“W-what do you think you’re doing?” he gasped, trying hard to speak without moving his chin. “You can’t …”
He broke off speaking as the pressure under his chin increased sharply.
“The captain tell me, he say ‘Escrima, I want you to help remove the obstacles.’ Here, you are the obstacle … yes? I remove you by capturing. You want, I kill you instead.”
Reviewing his options quickly, for the sergeant was unwilling to bet his life that the Legionnaire was joking-or bluffing-Spengler opted to lie quietly where he was.
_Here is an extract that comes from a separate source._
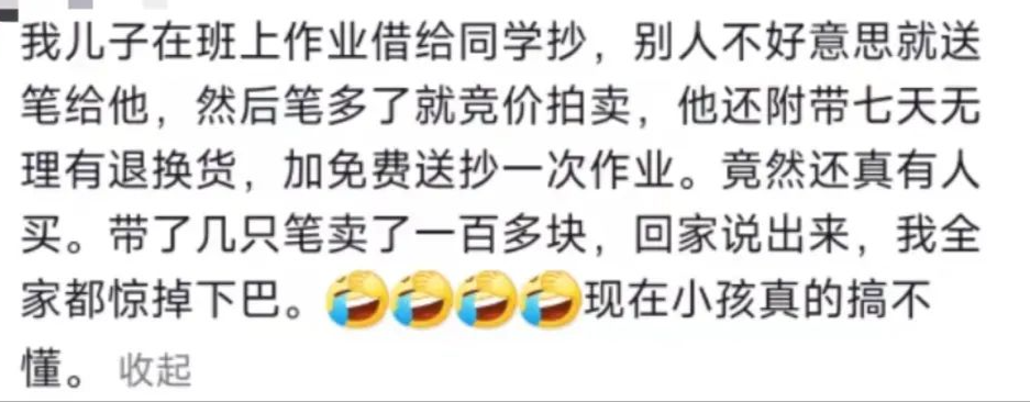 主要是现在像她这样利用自己的“小聪明”在学校经商的小孩还不少,
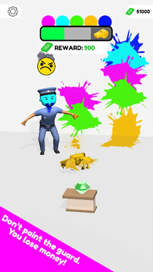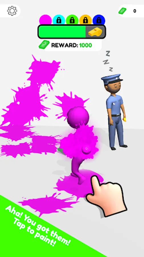 Spot the robbers, throw paintballs to reveal them and wake up that sleepy guard.

This did not, of course, keep him from seething inwardly as he watched wire cutters clear the barbed wire from his position, and, scant seconds later, the entire company sweep by this supposedly challenging obstacle without breaking stride.
“You can’t mean you’re going to let them get away with it … sir. “
Sprawled in one of the “guest rooms” of the Space Legion’s incredible facilities which had been assigned to them for use during the competition, Major O’Donnel favored his master sergeant with a scowl.
“I didn’t say we were going to let them get away with it,” he said tightly. “I said I wasn’t going to lodge a protest.”
“But they didn’t run the confidence course … they totaled it!”
“And we could have, too … if we thought of it,” the major snapped back. “We had the equipment in our packs, and it was declared as combat conditions. It’s what we would have done in combat. We just got trapped into conventional thinking, is all.”
“Well, what they did sure wasn’t regulation,” the sergeant growled.